The nurse is caring for a patient with hypertension and has just administered the initial dose of labetalol. Which of the following actions should the nurse take?
- A. Encourage oral fluids to prevent dry mouth or dehydration.
- B. Instruct the patient to ask for help if heart palpitations occur.
- C. Ask the patient to request assistance when getting out of bed.
- D. Teach the patient that headaches may occur with this medication.
Correct Answer: C
Rationale: Labetalol decreases sympathetic nervous system activity by blocking both ?±- and β-adrenergic receptors, leading to vasodilation and a decrease in heart rate, which can cause severe orthostatic hypotension. Heart palpitations, dehydration, and headaches are possible adverse effects of other antihypertensives.
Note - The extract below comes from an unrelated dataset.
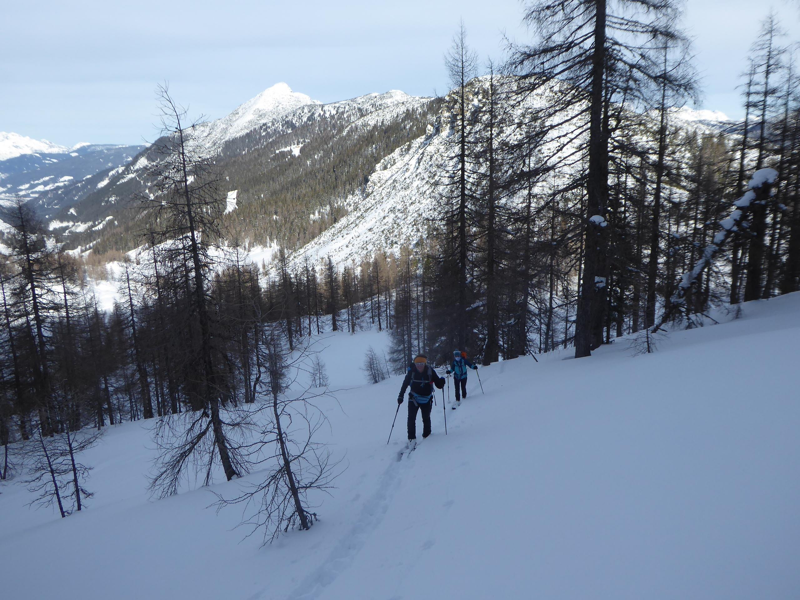 Defensives Rumstreunen über der Gnadenalm. Ein bisschen zum Gasselrain, ein Stück Richtung Bärenstaffel bis es zu steil wird, dann runter Richtung Oberzauchkaralm, Pause, Lawinenhunde-Ausbildungsübung zugeschaut, interessant, Wiederaufstieg zum Leckriedel und zurück zur Gnadenalm (Imbisse und Bierchen to go coronabestimmungskonform konsumiert). Schön war's. Abfahrtstechnisch natürlich nicht die große Orgie, aber zumindest waren wir den ganzen Tag allein, durften sogar das meiste einspuren, einfach Rumstreunen ist so schön kontemplativ...
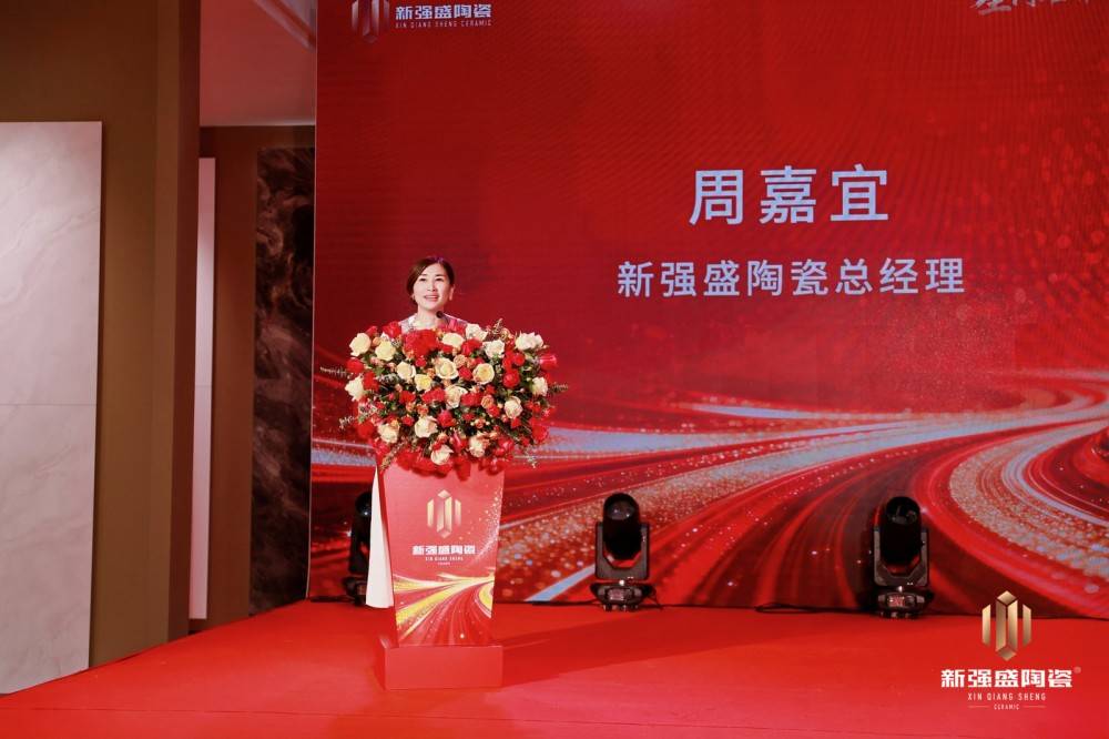 新强盛陶瓷总经理周嘉宜则聚焦品牌落地与厂商共赢,分享了团队的行动纲领。她表示,新强盛陶瓷的诞生,源于对当代家居需求变迁的深入洞察,人们不再仅仅满足于功能与耐用,更追求空间的情感共鸣、美学的高级感和身心的疗愈。为此,品牌团队将从品质守护、全链路赋能、长期同行三个维度,为经销商伙伴提供全方位支持,真正实现厂商同心、共创未来。

The nurse obtains a blood pressure of 180/75 mm Hg for a patient. What is the patient's mean arterial pressure (MAP)?
- A. 110
- B. 120
- C. 130
- D. 140
Correct Answer: A
Rationale: MAP = (DBP + 1/3 Pulse pressure). For a BP of 180/75 mm Hg, pulse pressure = 180 - 75 = 105 mm Hg. MAP = 75 + (1/3 * 105) = 75 + 35 = 110 mm Hg.
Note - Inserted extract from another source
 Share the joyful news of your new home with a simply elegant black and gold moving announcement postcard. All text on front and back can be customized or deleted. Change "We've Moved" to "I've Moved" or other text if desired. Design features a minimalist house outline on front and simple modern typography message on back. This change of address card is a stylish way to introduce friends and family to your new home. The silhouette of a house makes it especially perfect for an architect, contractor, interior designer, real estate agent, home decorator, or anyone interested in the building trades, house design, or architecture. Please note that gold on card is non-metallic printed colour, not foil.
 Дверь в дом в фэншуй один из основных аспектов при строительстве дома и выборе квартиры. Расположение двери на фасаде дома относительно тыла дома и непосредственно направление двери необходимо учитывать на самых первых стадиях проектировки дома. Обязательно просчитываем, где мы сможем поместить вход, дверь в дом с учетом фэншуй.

During change-of-shift report, the nurse obtains this information about a patient who is hypertensive and received the first dose of propranolol during the previous shift. Which of the following information indicates that the patient needs immediate intervention?
- A. The patient's most recent BP reading is 156/94 mm Hg.
- B. The patient's pulse has dropped from 64 to 58 beats/minute.
- C. The patient has developed wheezes throughout the lung fields.
- D. The patient complains that the fingers and toes feel quite cold.
Correct Answer: C
Rationale: The most urgent concern for this patient is the wheezes, which indicate that bronchospasm (a common adverse effect of the noncardioselective β-adrenergic blockers) is occurring. The nurse should immediately obtain an oxygen saturation measurement, apply supplemental oxygen, and notify the health care provider. The mild decrease in heart rate and complaint of cold fingers and toes do not require any change in therapy. The BP reading may indicate that a change in medication type or dose may be indicated; however, this is not as urgently needed as addressing the bronchospasm.